_Required work_
Every picture is to be removed, and all the data is to be copied exactly.

_Data below_

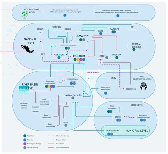Integrated agricultural water management (IAWM) must consider demographic, economic, technological, and environmental factors [], which implies the necessity of knowledge and understanding concerning the performance of the entities and/or programs involved in water management and governance. When analyzing these concepts separately, it is first necessary to consider management as a technical capacity for hydraulic construction, including the appropriate infrastructure for maintenance and rehabilitation; then, labor and hydraulic governance must be considered as the processes of technical and social control responsible for its proper or improper use []. Implementing water reforms on a global scale is quite challenging, and it is particularly hard in Mexico. Former experiences have demonstrated how hard it is to transform policy intentions into measurable actions. Back in 1989, CONAGUA identified ‘easy forms’ to diagnose the challenges in water supply and management. Although many of the data consider ‘common knowledge’ as the greatest obstacle, aligning the incentives of various stakeholders has proven to be a significant impediment delaying the implementation process []. The responsibility for water resources lies with various agencies, as a shown in Figure 1, which can result in deficiencies in administration or intersectoral communication, leading to the uncoordinated development and management of water resources and producing social conflicts, waste, and unsustainable development []. These issues highlight the need for clear guidance on executing the reform roadmap outlined in the 2030 Water Agenda.
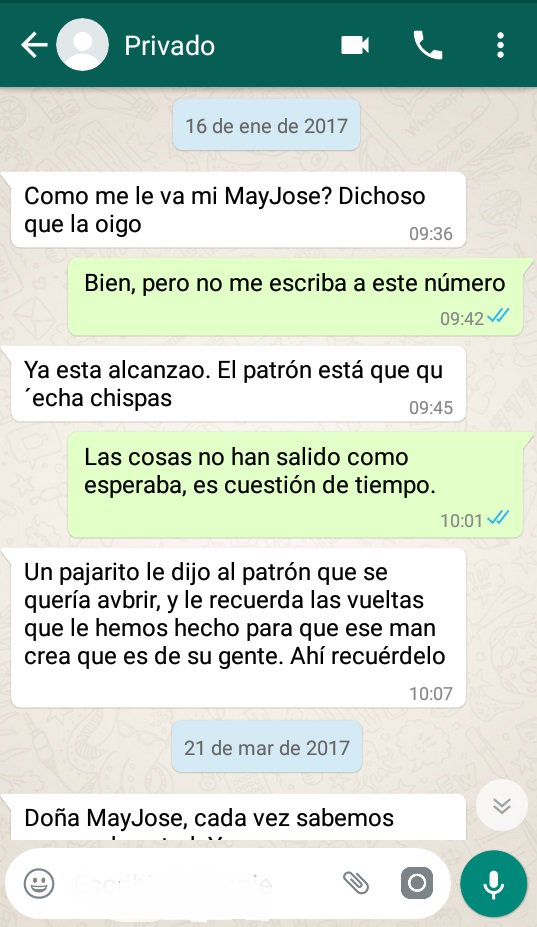 A continuación el intercambio de mensajes después de que fue dictaminado como veraz por un perito de informática forense:
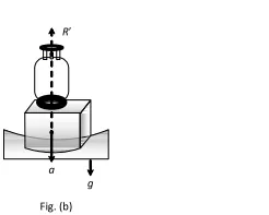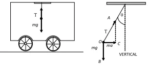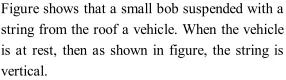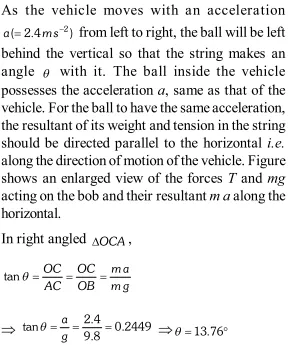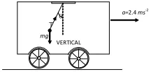 Q. A light string carrying a small bob hangs from the roof of a vehicle as shown in the figure. If the vehicle moves in a horizontal straight line with a constant acceleration of $2.4 \mathrm{ms}^{-2}$ from left to right, determine the angle, which the string makes with the vertical.
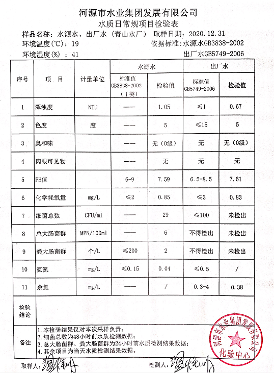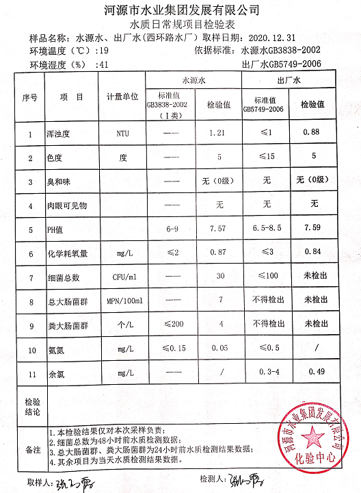 2020年12月31日水質檢驗報告

_Answer box_
Integrated agricultural water management (IAWM) must consider demographic, economic, technological, and environmental factors [], which implies the necessity of knowledge and understanding concerning the performance of the entities and/or programs involved in water management and governance. When analyzing these concepts separately, it is first necessary to consider management as a technical capacity for hydraulic construction, including the appropriate infrastructure for maintenance and rehabilitation; then, labor and hydraulic governance must be considered as the processes of technical and social control responsible for its proper or improper use []. Implementing water reforms on a global scale is quite challenging, and it is particularly hard in Mexico. Former experiences have demonstrated how hard it is to transform policy intentions into measurable actions. Back in 1989, CONAGUA identified ‘easy forms’ to diagnose the challenges in water supply and management. Although many of the data consider ‘common knowledge’ as the greatest obstacle, aligning the incentives of various stakeholders has proven to be a significant impediment delaying the implementation process []. The responsibility for water resources lies with various agencies, as a shown in Figure 1, which can result in deficiencies in administration or intersectoral communication, leading to the uncoordinated development and management of water resources and producing social conflicts, waste, and unsustainable development []. These issues highlight the need for clear guidance on executing the reform roadmap outlined in the 2030 Water Agenda.
 A continuación el intercambio de mensajes después de que fue dictaminado como veraz por un perito de informática forense:
 Q. A light string carrying a small bob hangs from the roof of a vehicle as shown in the figure. If the vehicle moves in a horizontal straight line with a constant acceleration of $2.4 \mathrm{ms}^{-2}$ from left to right, determine the angle, which the string makes with the vertical.
 2020年12月31日水質檢驗報告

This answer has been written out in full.